A Level Economics (9708)•9708/11/O/N/24

Explanation
Expenditure Changes from Price Elasticity
Steps:
- Identify elasticities: Assume table shows Kim has inelastic demand for meals (|Ed|<1) and elastic for tickets (|Ed|>1); Lee has elastic for meals and inelastic for tickets.
- For meals price rise: Inelastic demand means quantity falls less than price rises, so Kim's expenditure on meals increases; Lee's decreases.
- For tickets price fall: Elastic demand means quantity rises more than price falls, so Kim's expenditure on tickets increases; Lee's decreases.

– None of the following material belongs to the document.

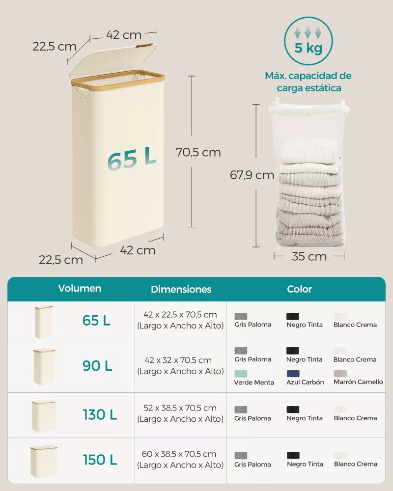 Cesto para Ropa Sucia de 65L: Organización y Estilo para tu Hogar

- Compare: Only Kim's total spending rises on both goods.
Why C is correct:
- Price elasticity of demand determines expenditure: inelastic for price rise and elastic for price fall both increase consumer spending (expenditure = P × Q).
Why the others are wrong:
- A: Insufficient market-wide elasticity data to determine total restaurant revenue.
- B: Lee's elastic demand for meals reduces spending there; inelastic for tickets reduces spending there too.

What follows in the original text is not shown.